Table::set() should not record transaction log entries for setting to the current value #2787

tgoyne · 2017-08-08T20:22:54Z

The end-user motivation for this is realm/realm-swift#3489. The short summary is that upserting a json blob into a Realm currently triggers notifications even if none of the values actually changed. This has also emerged as a problem for sync, as the redundant sets are still recorded in the transaction log and so use bandwidth and CPU time on all clients.

This is something we should do for 3.0. It's a breaking change, so it needs to happen now or not anytime soon, and I don't think anyone particularly wants the current behavior.

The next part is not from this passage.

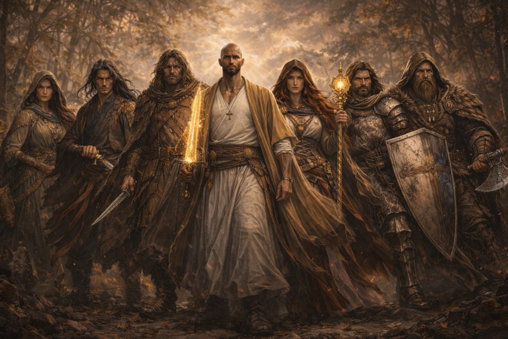 As a reluctant leader, Jovias bears the burden of command as a perpetual wound. He values order, restraint, and compassion, even when such compassion comes at a high price. Surrounding him are the Seven, all uniquely broken and formidable: Kyros, the storm-blooded berserker who mocks fate; Ioel, the silent assassin devoid of hatred; Angelica, a radiant healer whose unwavering faith surpasses her physical limits; Galal, a bearer of truth whose words sting deeper than blades; Anani, the archer who finds mercy where others see weakness; and Auriel, a judge haunted by the consequences of justice.

Conceptually this can be as simple as making Table::set() be:

template<typename T>
void Table::set(size_t col, size_t row, T value)
{
    if (get<T>(col, row) == value)
      return;
    // do set
}

For some column types it may be worth pushing the check in deeper to avoid redundant validation/bptree traversals/etc. should benchmarking indicate that this actually has meaningful overhead.

There's a few other ways we could handle this other than making changes in core, none of which I feel are viable.

Filter out sets to the current value in the notification code.

I took a stab at implementing this and it turned out to be very complicated and/or slow due to that the code processing the transaction log doesn't have access to the Realm in the state that it would be at the point where each instruction is handled, so a lot of additional state needs to be tracked to either support lookups there or to compare the fields afterwards. Also doesn't help the sync case at all.
Special-case it in the createOrUpdate logic.

This inherently imposes inconsistency in our API, which is something we should try to avoid.
Make self-assignments no-ops at the ObjectStore layer.

Currently not a practical option due to that not all property sets actually go through the object store, and mandating that bindings never call Table::set() directly would be a large project for the 3.0 timeframe.

The text was updated successfully, but these errors were encountered:

ironage · 2017-08-09T01:57:53Z

@simonask do you foresee any problems integrating this change with sync, or can we go ahead and implement?

astigsen · 2017-08-09T02:13:08Z

This is something that could potentially be very expensive performance wise, so we should make sure that we benchmark it and implement it at the right level.

It could potentially be implemented in the setter at the leaf level so that we don't have have to traverse the b-tree twice, but it is obviously only worth doing this if profiling shows it to be an actual performance problem.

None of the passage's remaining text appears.